While the majority of people sleep during these hours, certain people work through the night – this includes night shift nurses. Take the following into consideration:
- Patients may present to the hospital at any time of day or night.
- Patients admitted to hospital facilities require continuous monitoring.
- Certain medical situations may necessitate emergency procedures during the early morning hours.
These are just a few examples of why nurses are constantly needed, especially during non-traditional work hours. However, there are a few drawbacks to working night shifts.
Circadian Rhythmicity: An Overview
On a 24-hour basis, our body undergoes repeated physical, mental, and behavioral changes, referred to as the circadian rhythm. Although our bodies’ circadian cycles are pretty stable, as you may know, these rhythms are synchronized with environmental cues. This is referred to as entrainment, and daylight is the primary component affecting circadian rhythms.
We are specifically talking to the sleep-wake cycle in this article. This explains why we feel energized in the morning when we see the sunrise and sleepy when it gets dark. Your eyes provide information to the master clock, which is located in the suprachiasmatic nucleus of the brain. Then it instructs your brain to manufacture more melatonin, which induces sleepiness.
However, entrainment is a process that takes time. Indeed, entrainment is critical during the early stages of development. During fetal life, the pathway connecting the retina to the master clock is not entirely established. And the only way for the fetal clock to be in sync with the outer world is for it to receive melatonin from the mother.
If you abruptly get out of step with your environment, it will take time for your body to adjust. This time difference is referred to as desynchronosis, and it is also referred to as ‘jet lag’ or’shift lag.’ Due to the fact that this essay is not about time zone changes, we will concentrate on the shift lag.

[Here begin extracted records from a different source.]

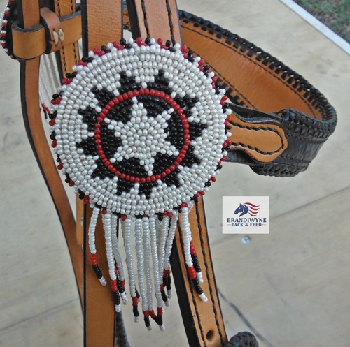 Beaded medallion headstall with black gator overlay. Native American beading. Missing one Chicago screw at the buckle. New with tags. Retails for $184.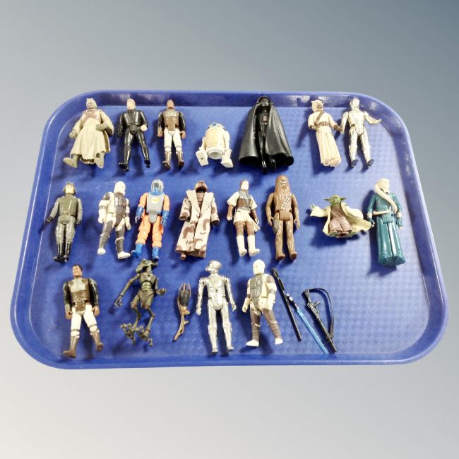 A group of vintage Star Wars toys : Millennium Falcon, Snow Speeder etc together with a quantity of Star Wars figurines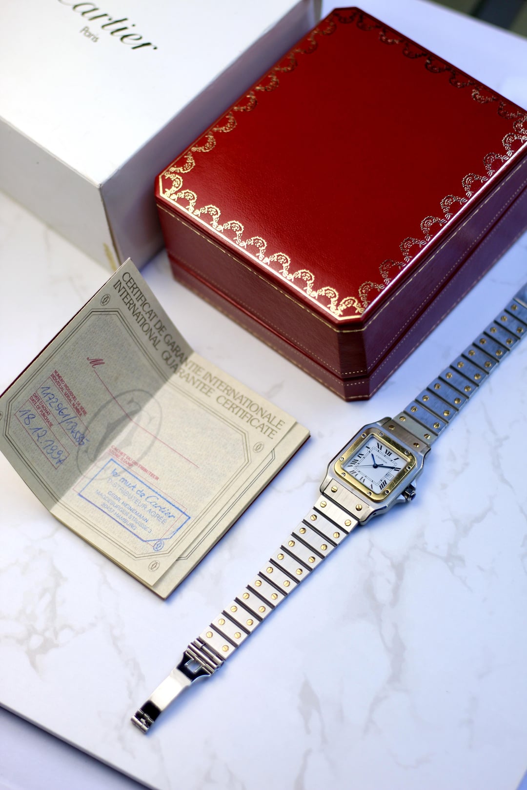 Throughout its history, Cartier has been able to innovate its watches with different shapes and materials and the Santos is probably one of the most recognized watches ever. The Santos offered here is a watch that does not go unnoticed thanks to its lines and combination of gold and steel. The general conditions of this Cartier Santos Carree are fantastic, presenting with minimal signs of use and unpolished, full set with its official dealer guarantee in Germany dated 1997 and bracelet complete of all links, wearing also the biggest wrists. The dial with roman numerals is among the most recognized and desired of Cartier, without any sign present. The automatic movement is perfectly functional and accurate and checked before being put on sale. Price is 5250$ shipping included. The watch is an example of elegance and class and is ready to use for its new owner who will also buy a watch with an excellent maintenance of value. Insured DHL Express worldwide shipping [Timestamp](https://imgur.com/a/F6dBnmV)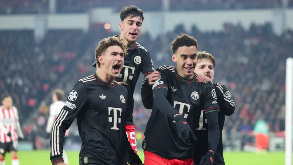 บาเยิร์นบุกชนะ PSV 2-1 จากประตูของมูเซียลานาที 58, ไซบารีตีเสมอนาที 78 ก่อนเคนยิงชัยนาที 84 พร้อมใบแดงของเมาโร จูเนียร์ช่วงทดเจ็บ ชัยชนะนัดนี้ทำให้ทีมของคอมปานีคว้าชัยในแชมเปียนส์ลีกเป็นนัดที่ 7 จาก 8 เกม และย้ำตำแหน่ง “อันดับสอง” ในรอบลีกเฟสเพื่อคว้าความได้เปรียบในรอบน็อกเอาต์ ขณะที่ PSV ต้องจบเส้นทางในรายการนี้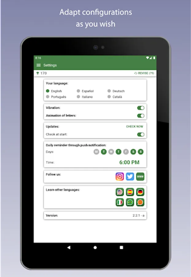 - Multi-user system: The app can be used by several users. Each user can access one’s own account with a password and have the progress saved. Perfect for families or couples who share the same device, like a tablet.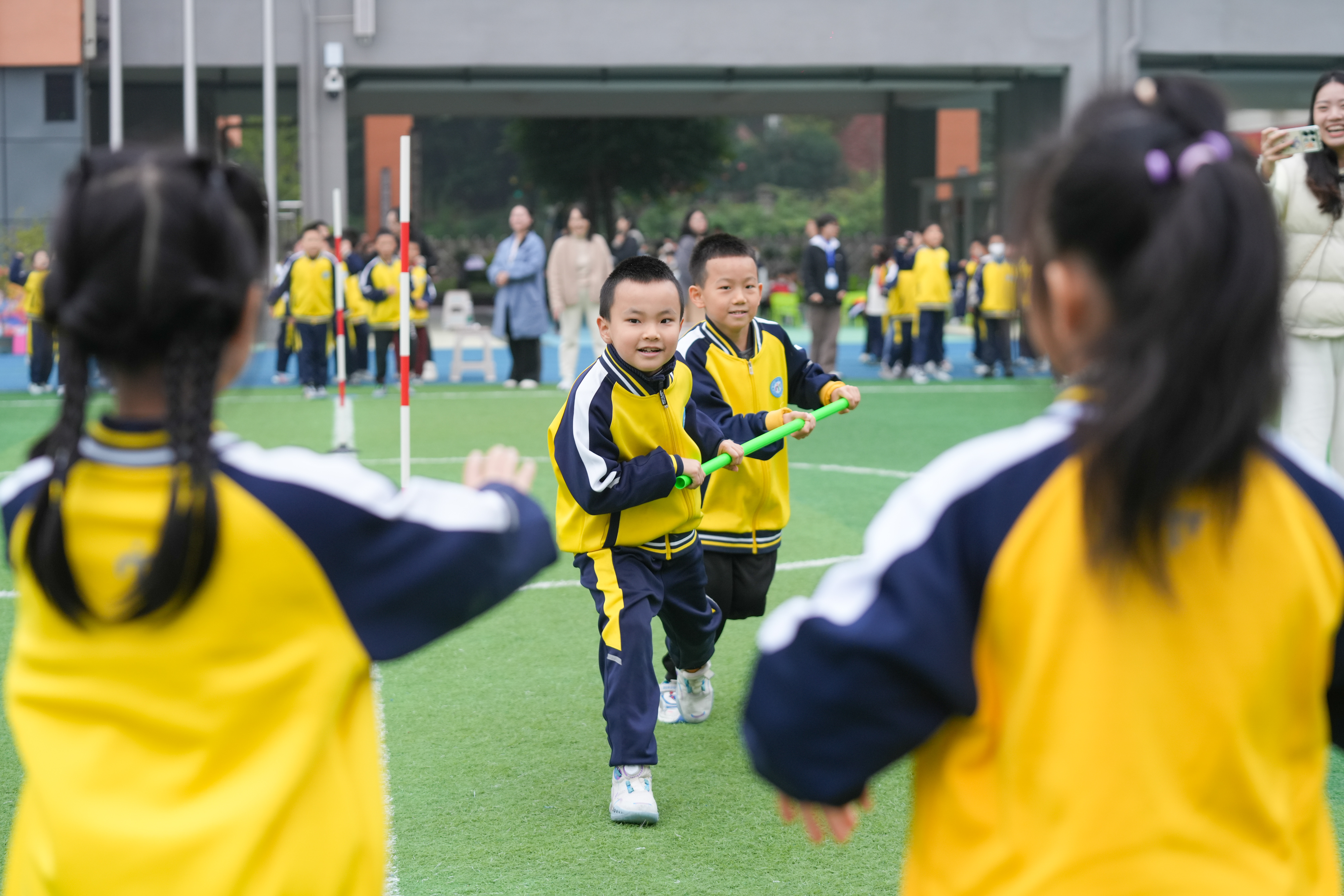 11月14日,重庆市北碚区勉仁小学举行以“我运动、我健康、我快乐”为主题的第四届趣味运动会,全校学生纷纷参与到障碍跑迎面接力赛、毛毛虫接力赛、赶小猪等趣味活动,大家在喜庆的氛围中乐享运动快乐,丰富学生户外体育运动,提高学生身体素质,促进学校体育工作的改革与发展。(中国教育报-中国教育新闻网通讯员 秦廷富 摄)

Desynchronosis and Its Consequences in Shift Work
The term “shift work” has a variety of connotations depending on its context. It is defined here as employment that occurs between the hours of 7 p.m. and 7 a.m. Working irregular night shifts or rotating schedules causes a condition known as desynchronosis. Shift work requires that you adjust your sleep-wake cycle. Adjustment attempts may be successful or unsuccessful, depending on the number of consecutive night shifts worked.
Certain variables can have an effect on sleep disorders and the body clock, as well as on family and social life. These include the following:
- Individual Distinctions
- Sleepers that are either long or short slept
- Individual who prefers to work in the morning or at night
- Difficulty sleeping at odd hours
- Difficulties sleeping in a new area
- Disparities in Organizations
- Rest spaces for breaks are readily available and of high quality.
- Workplace psychosocial conditions
- Severe weather
- Disparities in Situations
- Time spent commuting to and from work
- Types of activities that can be done during rest periods (Ex. having a second job or a physically demanding leisure activity)
Suggestions for Managing Night Shift Work
In the majority of circumstances, quitting night shift employment is not an option. As a result, it’s critical to anticipate and adjust to changes in your schedule. Consider the following strategies:
Management of Sleep
Your first focus should be on sleep management. Napping can be extremely beneficial, but only if it is used to prevent sleep debt rather than to make up for lost sleep. Additionally, workers who nap before to a night shift demonstrated increased alertness and superior performance on cognitive activities as compared to those who did not nap.
When Sleeping, Ambiance Modification
Another method for lulling oneself to sleep is to alter your environment. Utilize earplugs or white noise devices to reduce noise in and around your sleeping area. Additionally, keeping your room as dark as possible is essential — remember, light is the primary trigger for circadian rhythm! Additionally, you may choose to consider sleeping with eye masks and using sunglasses on your commute home from work.
A certain dose of bright light combined with the proper period of exposure can result in a considerable delay in the generation of melatonin. This prolongs the time required to fall asleep!
Melatonin is a hormone that our bodies make. While exogenous melatonin is commercially accessible and used to enhance sleep, it is well established that it has no significant physiological side effects when ingested. Melatonin has been shown in studies to assist avoid sleep deprivation while sleeping at the “wrong” circadian phase. This sedative effect is beneficial prior to or following your night shift work.
Manipulation of the Diet
It may also be good to create a routine for your protein and carbohydrate intake. Indeed, travelers traveling numerous time zones are frequently advised to follow a “jet lag diet.” Consume protein-rich foods before to periods of exercise and carbs prior to the sleep phase.
Have you devised a strategy to employ during your next night shift? Now is the time to create a reminder for yourself!